In this project you will build a decision tree classifier for a dataset of edible and poisonous mushrooms. You will have to parse observations, build a decision tree, and be able to both query the decision tree as well as print a text guide suitable for carrying through the woods. Please note this is a toy problem, and should not be used for actually determining if any real mushrooms you find are edible or not.
This project has fewer function stubs than previous projects: you are expected to decompose functions into logical sub-problems and define helper functions.
Due Date: Friday October 29th
Late Due Date: Monday November 1st
Create your Github Classroom Repository.
In-Class Activity and the Resulting Tree
Mushroom.hs - This is the file you will edit. Some types are defined for you, and some types will have to be defined. Functions are listed in roughly the suggested implementation order.
mushroom.csv - Your input file of observations about mushrooms.

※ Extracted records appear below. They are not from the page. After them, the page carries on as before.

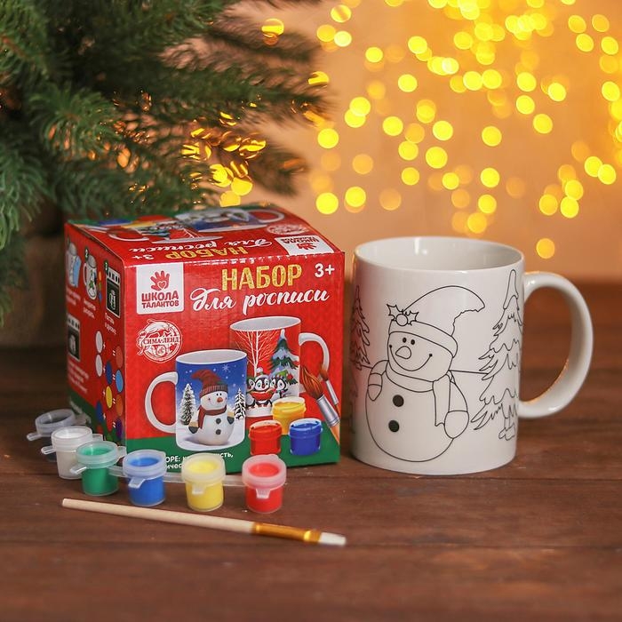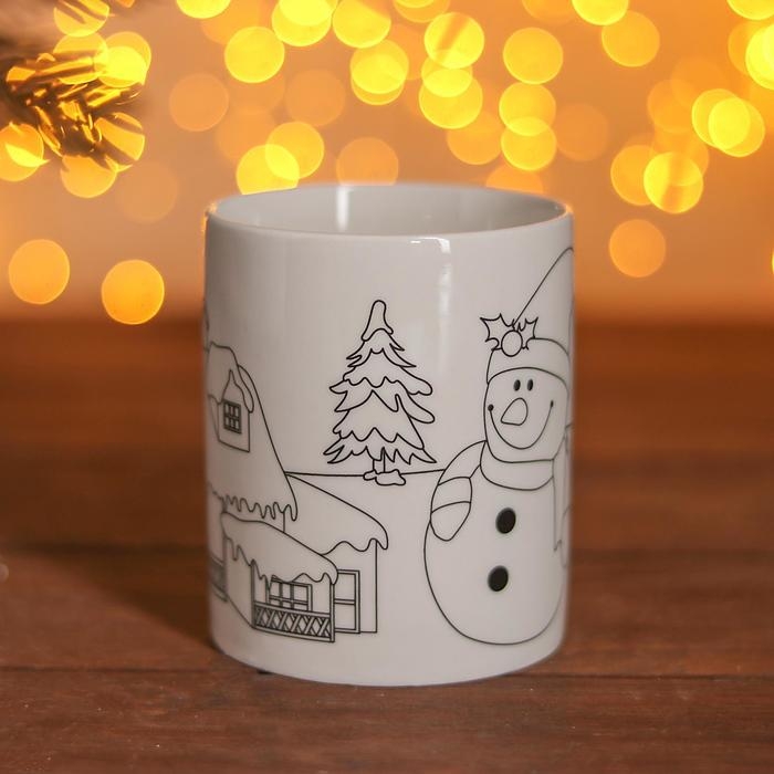 Набор кружка под раскраску «Снеговичок» 250 мл, краска 6 цв по 2 мл, кисть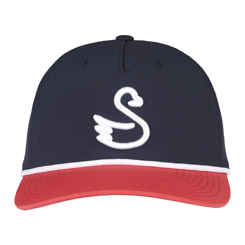 The Swannies Donovan Men’s Golf Hat brings a playful twist to classic golf headwear. Featuring a five-panel structure and a slightly curved bill, it offers a comfortable fit and a touch of retro flair. The contrasting rope detail and puff swan embroidery add unique character, making it a standout accessory on and off the course. With its adjustable snapback design, this hat ensures a snug fit for most head sizes, combining style and functionality effortlessly.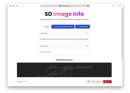 使用 SD Image Info,您可以通过与 ComfyUI 本身相同的用户界面节点预览 ComfyUI 工作流。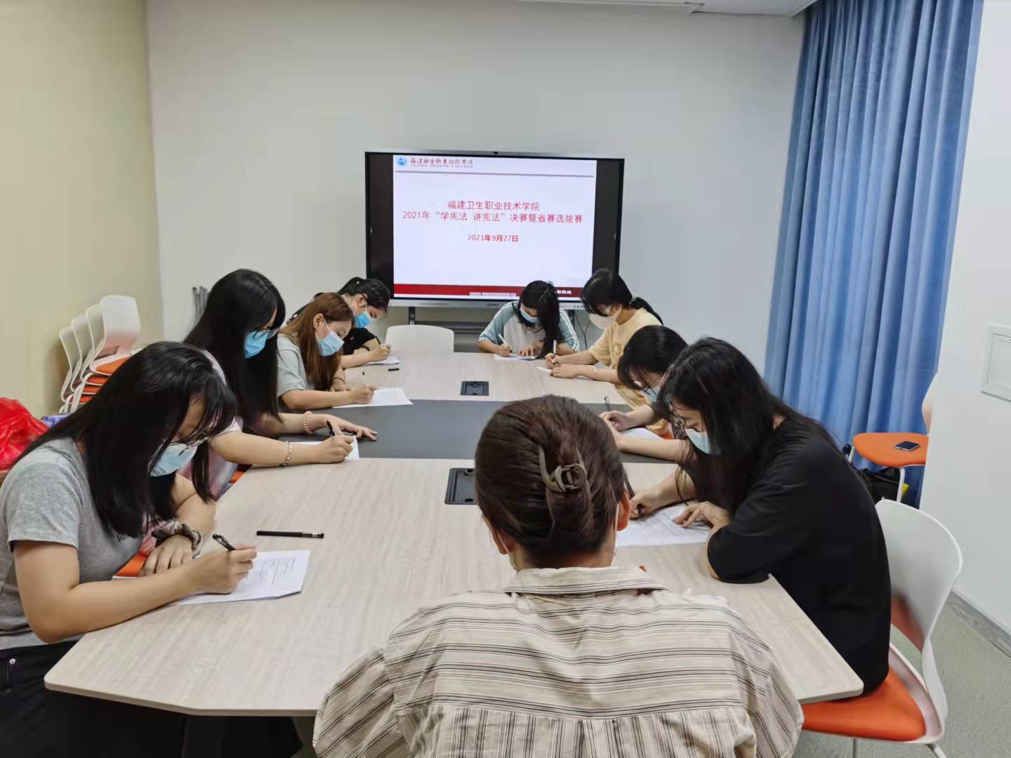 9月27日,“學(xué)憲法 講憲法”主題知識競賽暨演講比賽在學(xué)生服務(wù)中心活動室成功舉辦。本次比賽共有來自5個院系的30位同學(xué)參與其中。其中知識競賽采用筆試形式進行,全程閉卷考試,內(nèi)容涉及廣泛,旨在以考促學(xué),以學(xué)促進。參賽選手前期均認真?zhèn)淇?,考試過程中仔細思考,認真作答,考場秩序井然。同時,演講比賽選手們依次登臺亮相展現(xiàn)演講風(fēng)采,他們圍繞憲法主題,結(jié)合黨史知識、民法典、誠實守信等內(nèi)容,援引身邊有關(guān)憲法的故事、相關(guān)社會熱點、新聞事件等方面來詮釋學(xué)法、守法、懂法的重要性和必要性。最終,醫(yī)學(xué)技術(shù)系20影像301班王晶晶同學(xué)摘得知識競賽冠軍,藥學(xué)院20藥學(xué)303班畢思思榮獲演講比賽冠軍。本次比賽勝出的冠軍選手,將代表學(xué)校參加第六屆全省學(xué)生“學(xué)憲法 講憲法”比賽。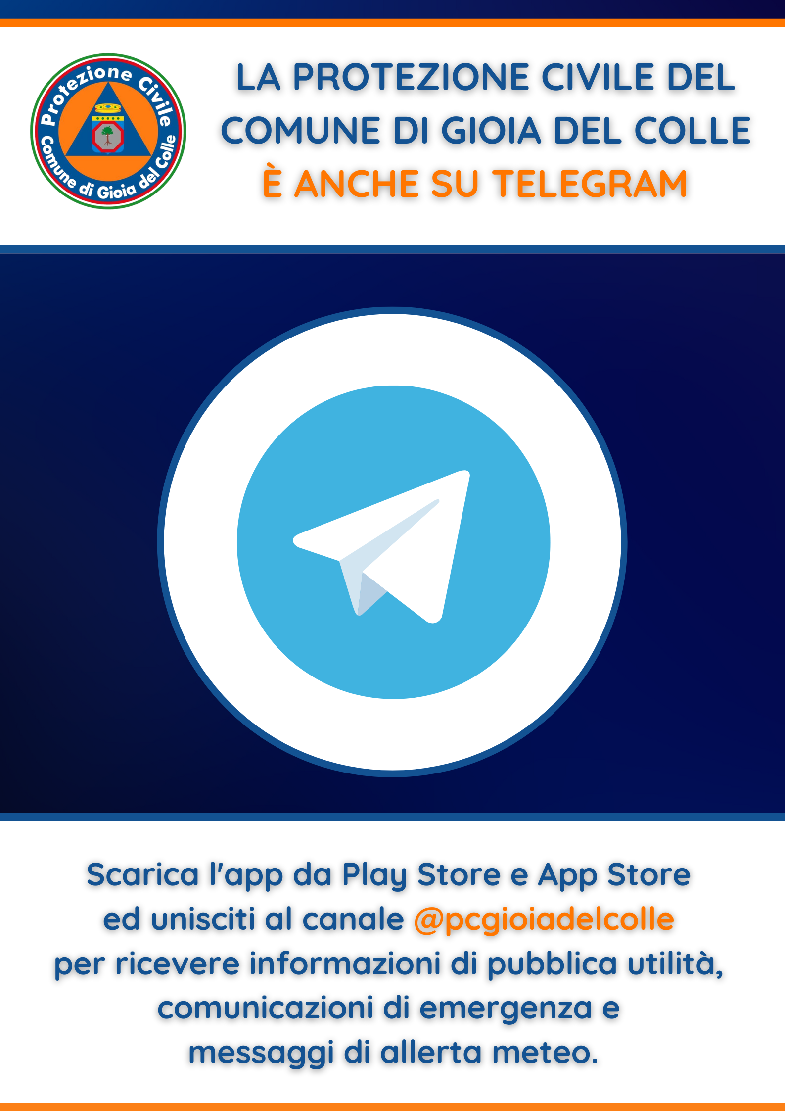 Attraverso l’iscrizione al canale @pcgioiadelcolle sarà possibile ricevere sui propri dispositivi elettronici informazioni di pubblica utilità, comunicazioni di emergenza e messaggi di allerta meteo.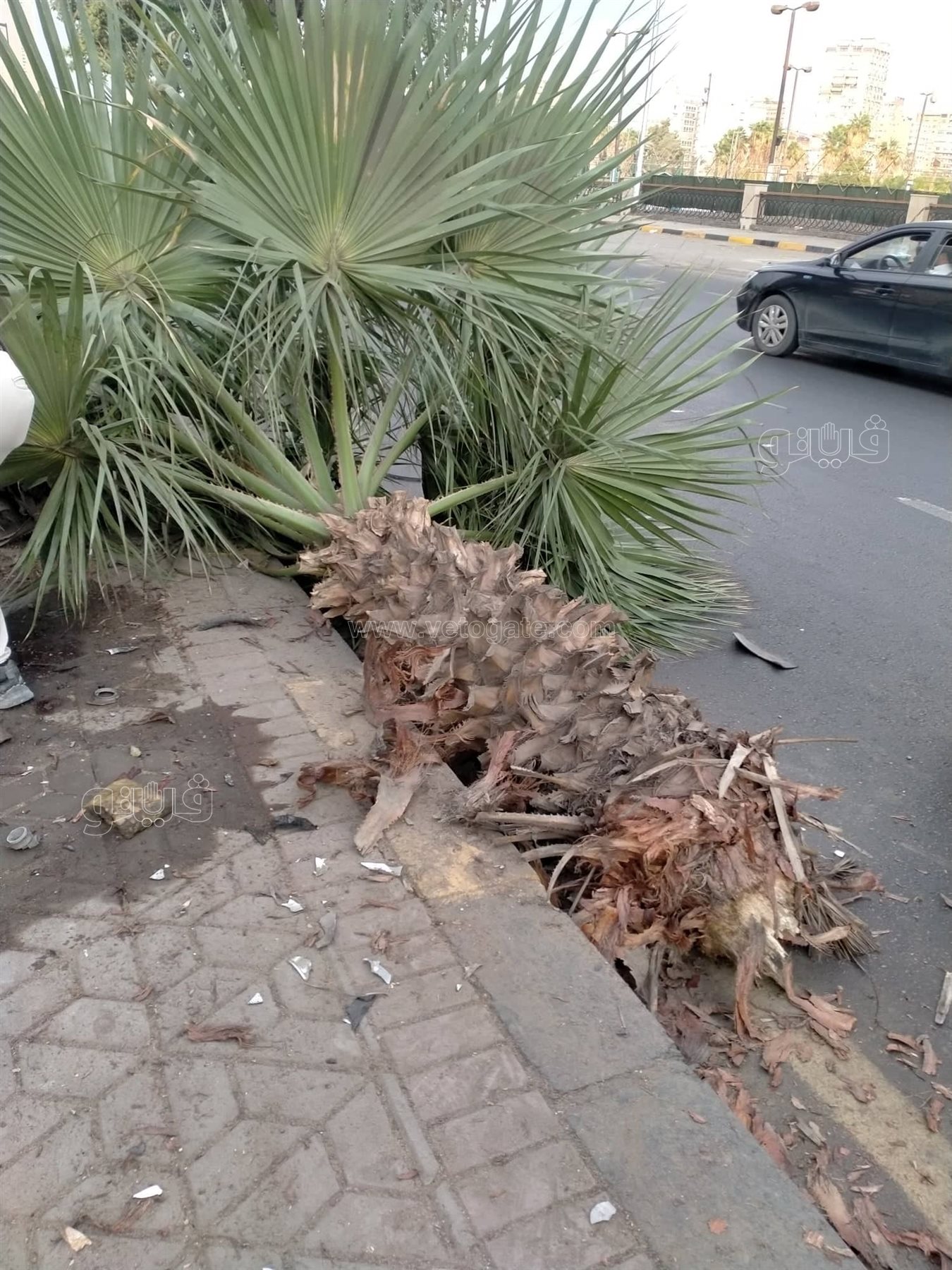 اصطدمت سيارة بنخلتين بعد أن خرجت عن المسار وصعدت فوق الرصيف بشارع البحر الأعظم في الجيزة.

Main.hs - This file contains the I/O actions that turn your code into an executable. You do not need to understand anything in this file.
README.md - This file contains a brief project description, as well as spots for your name and Trinity ID (i.e. sfogarty). Be certain to add your name and ID.
Makefile - The makefile supports make, make clean, and make test. The executable is output to fungi. Be certain make runs before you submit!
sampleInputs.hs - A few sample inputs for readObservation, readObservationFile, numCorrect, and buildTree.
The executable fungi can be built using make. If the executable does not build, use make setup to install any missing Haskell packages. The executable and compiled source files can be removed using make clean. By default fungi will print a guide constructed from the decision tree built from the observations in mushroom.csv.
Valid options are:
-h or --help Prints a help message and exits.
-n n Uses only first n mushrooms from mushroom.csv.
-p or --print Read in the mushrooms and print their representation to the screen, without building a decision tree.
Useful for debugging.
-t or --tree Print the decision tree, without any formatting. Useful for debugging.
-d m Decide whether or not the mushroom m is edible, printing a percentage estimate.
The mushroom should be given in the same format as the input file, without the first column.
-l l or --limit=l Use l as the threshold for edibility. Defaults to 0.9.
Note that there are no unit tests for this project. Test cases are provided in Project 4 Test Cases, and sample inputs are provided in sampleInputs.hs.
For the milestone you must define data-types for mushroom attributes and decision trees, as well as functions to read in observations, examine lists of observations, and evaluate a mushroom on a decision tree. Each mushroom is described by a list of attributes. An observation is the tuple of a mushroom and the edibility of that mushroom.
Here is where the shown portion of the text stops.